OKCupid, Not Evil, Simply Wrong

Why OKCupid’s recent revelations are easy to quantify and are both horrible and not as bad as Facebook


The outrage against Facebook’s experiment was almost universal. The act of experimenting on people without their knowledge or consent, goes against long-standing, established ethical guidelines.

Tim Carmody recently wrote more about how Facebook also betrayed the trust of those posting updates. People trusted that the news they shared would get to the intended audience, their friends. While a problem, that doesn’t actual trigger my ethical concerns because Facebook betrayed my trust years ago. I already know that if I post something that there will be people I want to have see it that will not. The fact that my posts may have been used to experiment on my friends upsets me, but the initial ethical breach is so outrageous that it is minor in comparison.

Then Tim started talking about OKCupid and he makes some good points. Problem is that he, like many others, lets his residual Facebook outrage take over. As a result, he over thinks the issue.

There were two experiments outlined that really played with people’s interactions with each other. A third experiment was simply playing with their rating system and not really a problem.

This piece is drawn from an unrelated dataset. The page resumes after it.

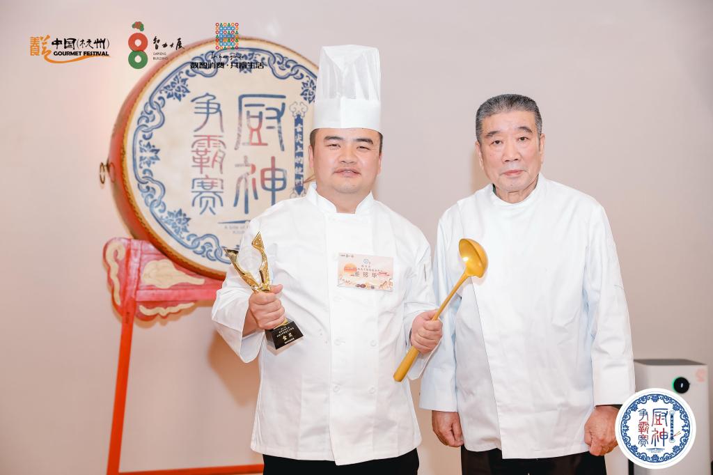 原本就颇具知名度的他,因为前一天参加了第十一季“舌尖上的杭州”——金牌宋韵美味暨东坡系列预制菜争霸赛,并以拿手菜“东坡御笋”“宋韵山河鲜”艳压群芳,从全杭州13个区县市的40多位专业顶级大厨、民间厨艺高手中脱颖而出,以总分第一成为总冠军,荣获金奖,并获得“金马勺”。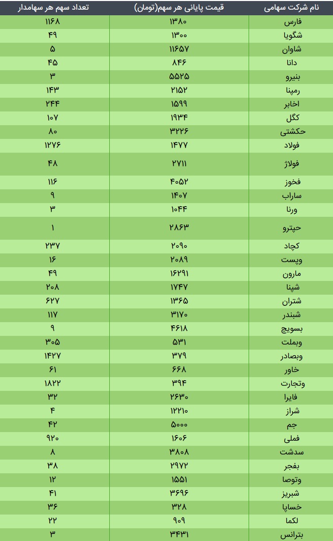 پس از پایان معاملات امروز بازار بورس ایران (چهارشنبه ۱۹ آذر)، ارزش هر برگه سهام عدالت ۴۹۰ هزارتومانی دارندگان این سهام به ۱۲ میلیون تومان رسید.

[Edit: The 3rd experiment did have them hide all of a subscriber’s profile text to see if the text influenced the ratings. It was not universally done. Troublesome but not on the level of the ones below. The written story was either all or nothing.]

The first was that they hid the profile photos for everyone for 7 hours. This was universal. OKCupid turned off a feature in a “Love is Blind” stunt. It was not random profile information. It was an obvious feature that they removed. As a user, I may have been annoyed, but no other information was hidden. The greatest risk was to OKCupid as people could be annoyed enough to quit.

The second experiment was simply horrific. They lied to their subscribers. They made recommendations and displayed incorrect compatibility ratings. It doesn’t matter how accurate the rating system is or is not. To the best of their knowledge, OKCupid lied.

LIED.

That is a problem. Period. How can anyone trust the information presented to them ever again from OKCupid. What will they lie about next?

OKCupid lied. There is no need for any in-depth analysis. What they did was wrong. Period.

If you want to get upset, think about how this reinforces the bigger issue of the lack of ethics in the tech world.

What else has been done to people that we don’t know about?